I don't eat pheasant.   Seeing them around all the time and sometimes forming some kind of relationship with one (we had a nest in the front garden this year and she hatched twelve chicks) and - for a second - holding their bright eye in your gaze - means that they are well and truly crossed off my menu.

Already the Glorious Twelfth has passed and grouse-shooting is in full swing around here.   In another couple of months, when these young poults have grown plump and tasty, pheasant shooting will begin.   I just hope that by then most of them learn to run rather than fly.   If only they would stick to the ground the shooters can't shoot them - they are not allowed to shoot down and must wait for the bird to take to the air.

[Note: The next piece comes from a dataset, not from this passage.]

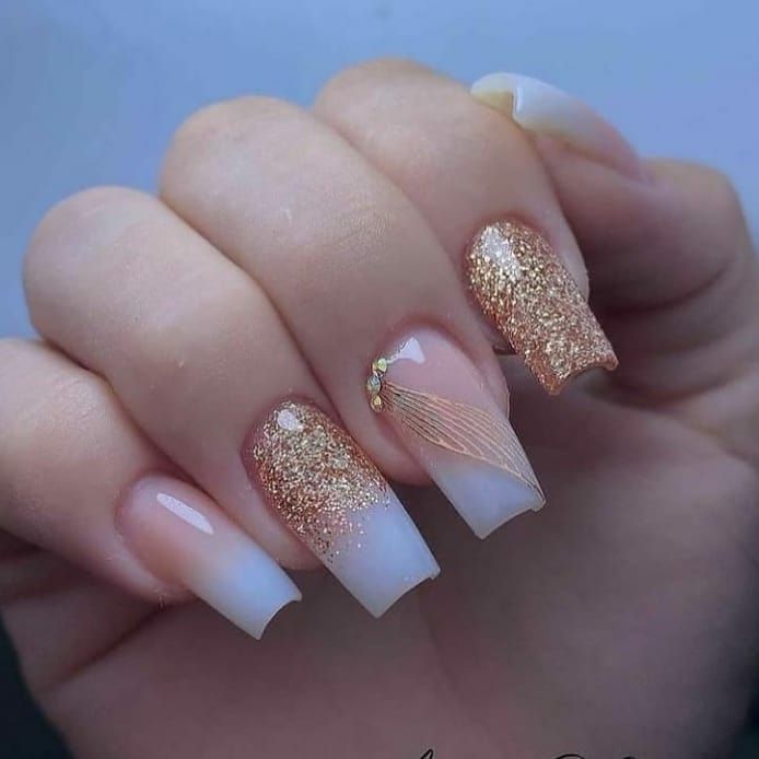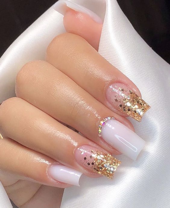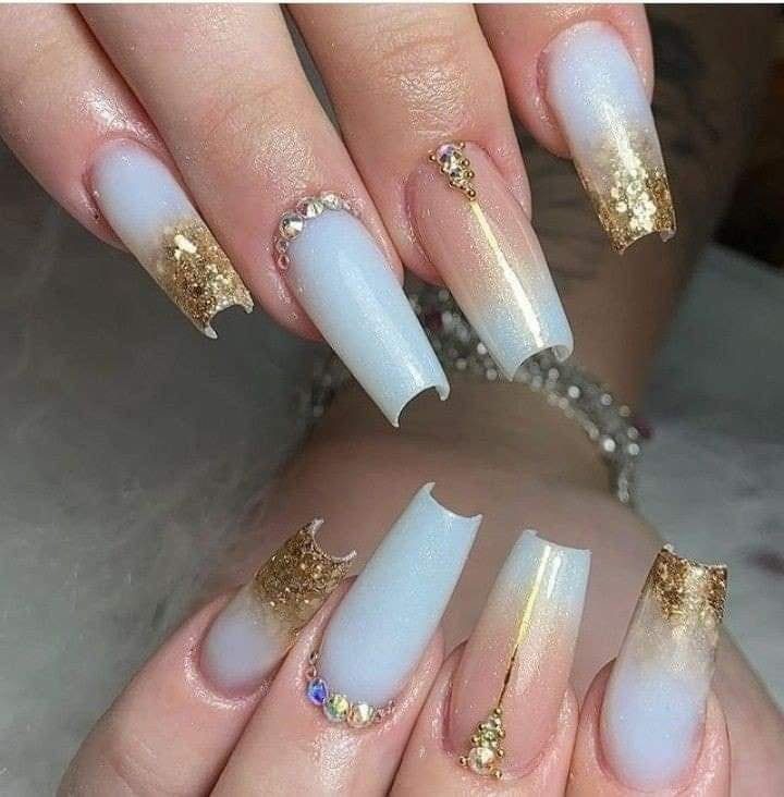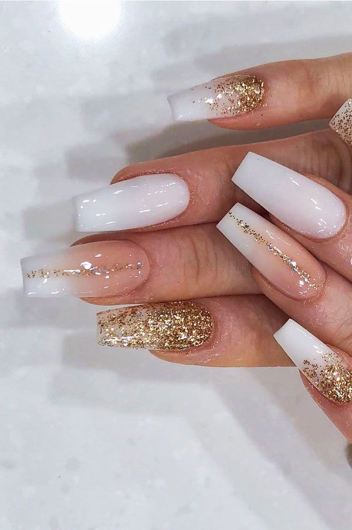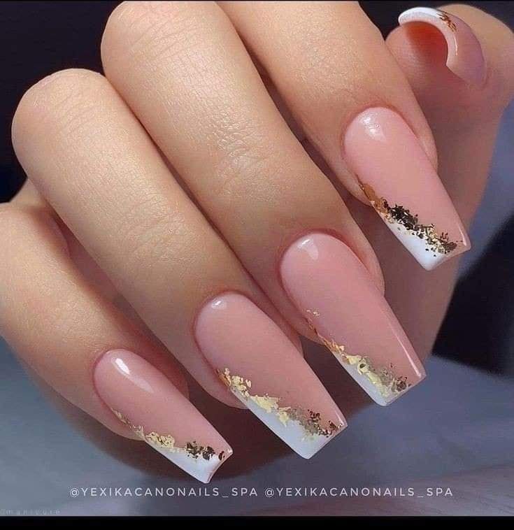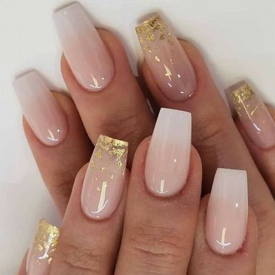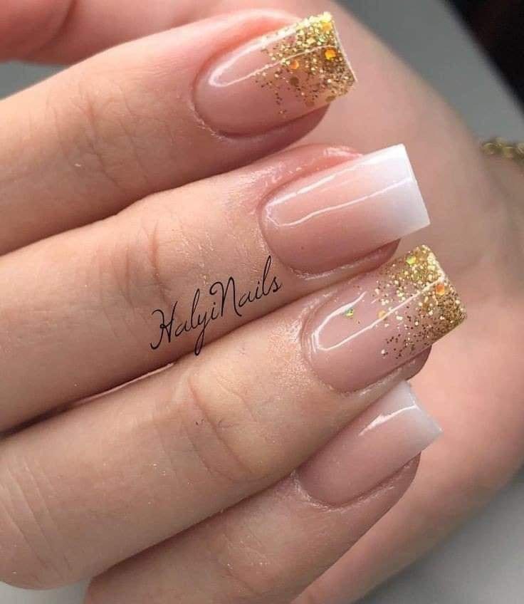 20. Gold French Fade: Blend gold polish with a neutral shade to create a soft and gradient French fade.

To me eating a pheasant would be like eating a friend.   And who amongst us would like to do that?

11 comments:

Heather said...

I can understand how you feel about not eating pheasant. I couldn't eat a friend and if I had to kill any creature for my own consumption I'd become a vegetarian.

Tom Stephenson said...

To me, eating any animal is the equivalent of eating a potential friend, but - I daresay - most of my past friends have had brains slightly larger than a pea, and do not prefer to run under the wheels of a car if they can take to the air.

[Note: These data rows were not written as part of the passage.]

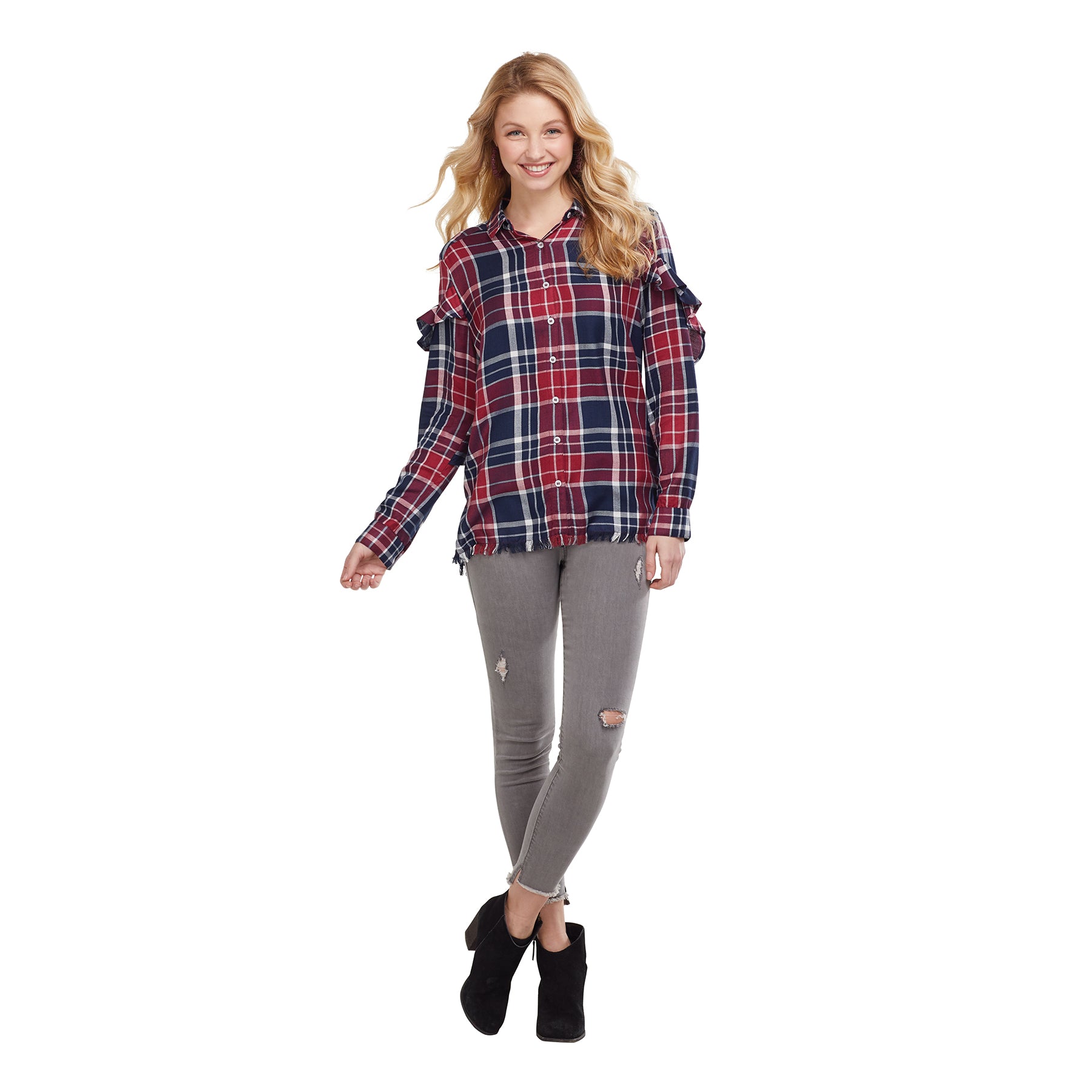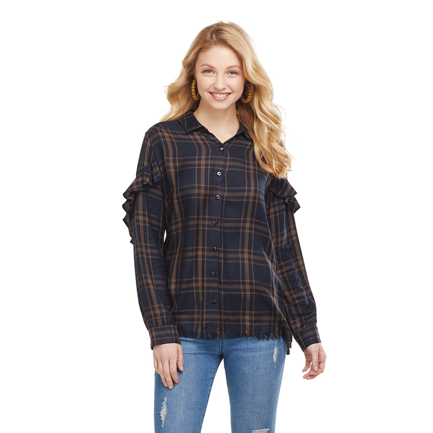 Woven viscose twill button-down features ruffles at sleeves, raw edge hem and pearlized button placket.
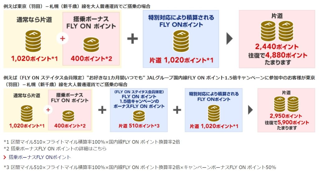 2020年4月1日積算分以降→通常のFLY ON ポイントと同時に積算
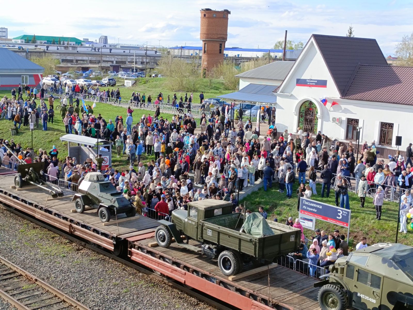 Активисты волонтерского движения ЛПК «Шаг навстречу» вместе с сотнями горожан, ветеранов боевых действий, почетными гостями города 1 мая на железнодорожной станции Письмянка встретили «Паровоз Победы», посвященный 80-летию Победы в Великой Отечественной войне. Девять вагонов ретропоезда, словно страницы истории раскрылись, представляя взглядам, платформы, на которых выставлены бронетехника, образцы артиллерийских орудий той эпохи.

I totally disagree with Heather. I would prefer to kill a creature for my own consumption, but I refuse to kill any animal for sport.

If Heather could not kill an animal for her own consumption, then she should bloody well become a vegetarian and stop leaving the responsibility for her meat consumption to slaughtermen, as I did before.

If you are going to eat meat, then grow up and take responsibility for the animal's death, or become a vegan. Other than that, just shut up.

Em Parkinson said...

I'm afraid I do eat it Pat. I'm very fond of it actually, but could NEVER get pleasure from killing it. It's just food as far as I'm concerned. I've never known a bird well but perhaps my opinion would change if I did.

Thickethouse.wordpress said...

Well, that certainly puts your case strongly! I do not want to eat a friend....

John Going Gently said...

We have a mother and a late chick on the field....
The local shoot lost 80 in one night

From A Worcestershire Hill said...

We have a pet pheasant called Boris that we are feeding. However, I am afraid I do eat pheasant, but I expect that Boris will not end up in my pot. Your post reminded me of my aunt who was married to the head gamekeeper of a shoot a few miles from you. Pheasant shooting was in progress and she had not yet received a bird. One day whilst the guns were shooting near her house she saw a dead pheasant land in her garden and she seized the opportunity to nip out and pick it up. She said later that she guessed the gun dog was scolded for not picking the bird up.

Terra said...

Pheasants have such pretty feathers. We feed and pamper our wild birds in our yard, but I understand how hunting and then eating what you shoot could be satisfying. It's funny what we will and won't eat, I will eat lamb but not rabbit, etc.

Hildred said...

We don't have any domestic pheasants in the Similkameen (that I know of) so what we see are the occasional wild bird and that is such a pleasure. I suppose some might shoot and eat the bird, but pheasant (under glass or not) doesn't seem to be so stylish since times were hard and farmers went hunting to put meat on the table.

angryparsnip said...

I have almost cut out all meat. I eat vegetarian as much as I can but I love fish so I add that to my diet.

cheers, parsnip

The Weaver of Grass said...

I can't agree with you Tom - if I had to kill the bullock or the pig I was going to eat part of then I couldn't do it. Horses for courses I say - let the slaughterman do the work, the butcher cut it up and then I will eat it.
An Indian friend used to say to me she didnt know how we could eat such things as leg of lamb, where we knew which part we were eating. In India they bought meat cut into chunks so they did not know which part it was.

MorningAJ said...

It's odd. I have no problem with eating pheasant (though I've never really got to know one) but I couldn't eat hare. They are such mystical animals that I think it would be wrong.